Your answer should be the lines below from the one with "HA1-Cu.png HA2-Cu.png |" to the one with "PIECES Trui ‘PCBikka’", both included, given again exactly and with nothing added.

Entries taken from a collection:
◆ ◆ ◆

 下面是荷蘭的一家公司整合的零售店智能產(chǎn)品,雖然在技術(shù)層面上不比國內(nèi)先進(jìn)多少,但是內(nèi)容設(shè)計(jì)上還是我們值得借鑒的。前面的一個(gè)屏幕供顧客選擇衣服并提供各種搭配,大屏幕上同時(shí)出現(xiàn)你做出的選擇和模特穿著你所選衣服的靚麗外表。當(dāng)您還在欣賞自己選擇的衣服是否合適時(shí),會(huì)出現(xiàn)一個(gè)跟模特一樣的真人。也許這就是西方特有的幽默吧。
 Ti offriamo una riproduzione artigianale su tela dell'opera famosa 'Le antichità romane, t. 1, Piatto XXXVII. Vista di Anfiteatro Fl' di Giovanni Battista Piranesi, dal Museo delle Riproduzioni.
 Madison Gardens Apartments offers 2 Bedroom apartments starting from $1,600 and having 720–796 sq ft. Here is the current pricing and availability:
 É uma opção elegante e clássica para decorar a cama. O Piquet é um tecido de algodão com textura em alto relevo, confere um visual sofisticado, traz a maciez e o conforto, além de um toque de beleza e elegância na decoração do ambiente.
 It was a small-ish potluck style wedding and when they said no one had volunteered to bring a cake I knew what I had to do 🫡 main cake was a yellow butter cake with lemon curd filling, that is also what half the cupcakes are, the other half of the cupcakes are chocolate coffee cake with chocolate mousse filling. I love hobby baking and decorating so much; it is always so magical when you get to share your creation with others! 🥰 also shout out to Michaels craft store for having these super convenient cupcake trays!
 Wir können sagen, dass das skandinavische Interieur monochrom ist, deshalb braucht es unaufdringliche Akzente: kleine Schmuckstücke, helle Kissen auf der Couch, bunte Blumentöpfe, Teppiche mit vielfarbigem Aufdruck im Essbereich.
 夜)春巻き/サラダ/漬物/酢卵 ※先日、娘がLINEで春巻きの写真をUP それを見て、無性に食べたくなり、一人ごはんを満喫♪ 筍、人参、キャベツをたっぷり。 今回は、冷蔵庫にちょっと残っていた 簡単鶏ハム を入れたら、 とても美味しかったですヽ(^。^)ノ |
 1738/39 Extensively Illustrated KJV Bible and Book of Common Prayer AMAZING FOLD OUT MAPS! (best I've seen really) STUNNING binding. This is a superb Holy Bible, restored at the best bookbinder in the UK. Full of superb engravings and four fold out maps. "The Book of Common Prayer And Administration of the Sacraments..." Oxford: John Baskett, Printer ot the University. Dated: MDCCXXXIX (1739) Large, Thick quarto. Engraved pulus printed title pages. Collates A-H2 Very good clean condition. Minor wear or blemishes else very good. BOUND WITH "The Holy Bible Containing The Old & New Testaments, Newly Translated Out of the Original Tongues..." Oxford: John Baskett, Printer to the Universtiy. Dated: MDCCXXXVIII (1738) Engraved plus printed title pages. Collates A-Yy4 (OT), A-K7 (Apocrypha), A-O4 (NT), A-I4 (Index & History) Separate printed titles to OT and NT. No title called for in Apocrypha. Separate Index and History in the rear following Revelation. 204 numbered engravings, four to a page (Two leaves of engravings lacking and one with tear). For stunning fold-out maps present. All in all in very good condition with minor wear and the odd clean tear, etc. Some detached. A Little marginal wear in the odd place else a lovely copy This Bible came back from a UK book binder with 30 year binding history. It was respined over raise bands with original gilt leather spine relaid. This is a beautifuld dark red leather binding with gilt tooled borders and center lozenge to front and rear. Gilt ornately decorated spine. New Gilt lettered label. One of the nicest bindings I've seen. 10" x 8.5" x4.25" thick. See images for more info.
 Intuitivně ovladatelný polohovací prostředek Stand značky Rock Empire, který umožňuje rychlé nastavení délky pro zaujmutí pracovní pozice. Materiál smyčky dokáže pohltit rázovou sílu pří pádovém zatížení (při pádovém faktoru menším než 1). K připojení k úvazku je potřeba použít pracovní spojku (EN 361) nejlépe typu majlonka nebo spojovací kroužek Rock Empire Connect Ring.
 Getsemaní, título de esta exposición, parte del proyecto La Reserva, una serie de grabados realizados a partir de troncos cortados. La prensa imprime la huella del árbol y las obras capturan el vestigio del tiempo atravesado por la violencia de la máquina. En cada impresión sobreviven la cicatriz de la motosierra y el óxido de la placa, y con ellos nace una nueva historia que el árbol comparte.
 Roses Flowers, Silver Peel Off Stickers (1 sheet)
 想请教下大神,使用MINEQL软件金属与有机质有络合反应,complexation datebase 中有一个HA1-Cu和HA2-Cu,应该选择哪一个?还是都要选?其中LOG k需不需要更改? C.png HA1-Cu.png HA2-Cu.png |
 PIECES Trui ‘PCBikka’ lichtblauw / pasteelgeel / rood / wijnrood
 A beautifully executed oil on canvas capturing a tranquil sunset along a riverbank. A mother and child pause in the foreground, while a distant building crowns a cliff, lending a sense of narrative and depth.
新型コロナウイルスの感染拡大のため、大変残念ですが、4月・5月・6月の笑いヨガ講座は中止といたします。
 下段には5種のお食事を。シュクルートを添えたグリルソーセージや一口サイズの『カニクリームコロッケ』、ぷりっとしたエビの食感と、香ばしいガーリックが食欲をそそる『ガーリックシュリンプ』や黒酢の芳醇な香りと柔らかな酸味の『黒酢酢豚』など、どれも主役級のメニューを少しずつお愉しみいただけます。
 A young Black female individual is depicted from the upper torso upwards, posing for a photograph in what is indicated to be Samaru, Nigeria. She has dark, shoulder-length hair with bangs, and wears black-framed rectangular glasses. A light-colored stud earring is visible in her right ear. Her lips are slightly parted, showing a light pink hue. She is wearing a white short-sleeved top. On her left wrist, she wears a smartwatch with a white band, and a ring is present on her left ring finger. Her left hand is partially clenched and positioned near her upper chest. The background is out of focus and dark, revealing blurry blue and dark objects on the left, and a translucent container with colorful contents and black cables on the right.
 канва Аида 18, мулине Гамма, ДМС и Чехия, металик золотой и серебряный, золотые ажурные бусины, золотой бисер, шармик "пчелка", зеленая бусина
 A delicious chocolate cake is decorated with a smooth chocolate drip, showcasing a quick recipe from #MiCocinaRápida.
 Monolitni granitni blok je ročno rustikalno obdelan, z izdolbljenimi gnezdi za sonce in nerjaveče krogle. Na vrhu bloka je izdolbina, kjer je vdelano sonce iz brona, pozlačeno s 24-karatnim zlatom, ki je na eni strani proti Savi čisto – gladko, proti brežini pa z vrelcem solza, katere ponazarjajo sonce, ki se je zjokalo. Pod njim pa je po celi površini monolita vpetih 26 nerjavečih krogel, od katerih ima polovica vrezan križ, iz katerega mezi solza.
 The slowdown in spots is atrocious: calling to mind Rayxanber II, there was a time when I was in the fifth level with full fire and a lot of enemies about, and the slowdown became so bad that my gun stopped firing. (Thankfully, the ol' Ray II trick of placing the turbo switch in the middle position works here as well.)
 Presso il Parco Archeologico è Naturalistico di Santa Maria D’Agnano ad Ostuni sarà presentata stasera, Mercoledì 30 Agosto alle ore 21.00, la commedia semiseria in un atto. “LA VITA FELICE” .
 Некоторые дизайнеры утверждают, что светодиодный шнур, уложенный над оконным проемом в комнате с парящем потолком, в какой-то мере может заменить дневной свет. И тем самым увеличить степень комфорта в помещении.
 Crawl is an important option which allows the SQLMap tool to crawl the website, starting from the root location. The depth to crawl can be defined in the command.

◆ ◆ ◆

● **EXPECTED OUTPUT**:
 想请教下大神,使用MINEQL软件金属与有机质有络合反应,complexation datebase 中有一个HA1-Cu和HA2-Cu,应该选择哪一个?还是都要选?其中LOG k需不需要更改? C.png HA1-Cu.png HA2-Cu.png |
 PIECES Trui ‘PCBikka’ lichtblauw / pasteelgeel / rood / wijnrood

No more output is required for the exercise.